Many people on the left adore John Edwards. They say he was the best thing to come out of the failed 2004 John Kerry presidential campaign. His supporters (especially straight women and gay men) say Edwards was the perfect yin to John Kerry’s yang. Edwards, with his wide, photogenic smile, sexy mop of surfer boy hair and pleasant, easy manner, provided a much needed contrast to the stiff, heavily scripted, mummified John Kerry.

As a political activist, I have spent the past decade heavily focused on gay rights, gay marriage equity and HIV/AIDS care and research. That said, I have always wondered why the former Senator John Edwards seemed to care so little about people living with HIV/AIDS in his home state of North Carolina?

Background: 

At least half of all underinsured and uninsured Americans living with HIV/AIDS rely on ADAP or AIDS Drug Assistance Program - a joint Federal/50 state program authorized under Title II of the Ryan White Care Act, to provide them with free, lifesaving, anti-retroviral drugs to stave off the destructive march of the HIV virus on their immune systems. For the underinsured and uninsured, ADAP is a reprieve from what would otherwise be a death sentence.

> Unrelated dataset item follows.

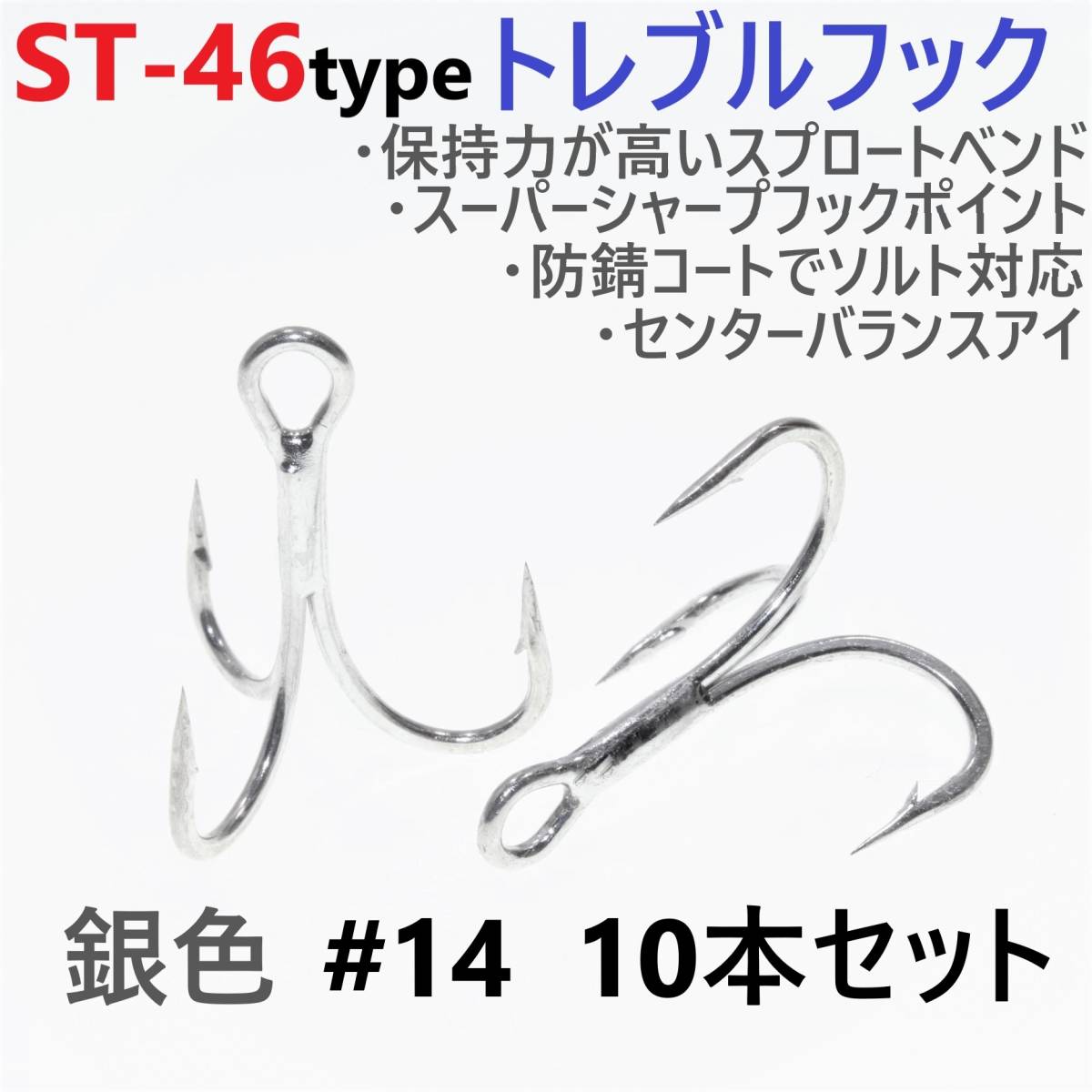 ST-46タイプ防錆トレブルフック シルバー#14 10本セットの出品です。

Yet North Carolina (John Edwards’ homestate) has one of the most miserly ADAP programs in the USA, with one of the most restrictive income eligibility levels to qualify for assistance – 125% of poverty. This means anyone living with HIV/AIDS who earns more than $12,250 a year cannot receive ADAP assistance in North Carolina. Adding insult to injury, North Carolina frequently caps new enrollment to the program for the recently diagnosed. In the six years he was a senator (1998-2004), John Edwards repeatedly ignored the chronic funding issues facing North Carolina’s ADAP program. In fact, HIV/AIDS never seemed to appear on Edwards’ radar screen.

My office wrote to John Edwards’ One America office via email on three, separate occasions and I asked him to specifically address the twin issues of HIV/AIDS care and ADAP funding in his homestate of North Carolina. I never received a reply.

Let me repeat, I never received a reply.

While John Edwards should certainly be lauded for his recent work building homes for the poor, the very real fact remains that Edwards has demonstrated no concern for his fellow North Carolinians fighting to survive another day with HIV/AIDS. Perhaps, John Edwards vision for America is too myopic to include HIV/AIDS victims?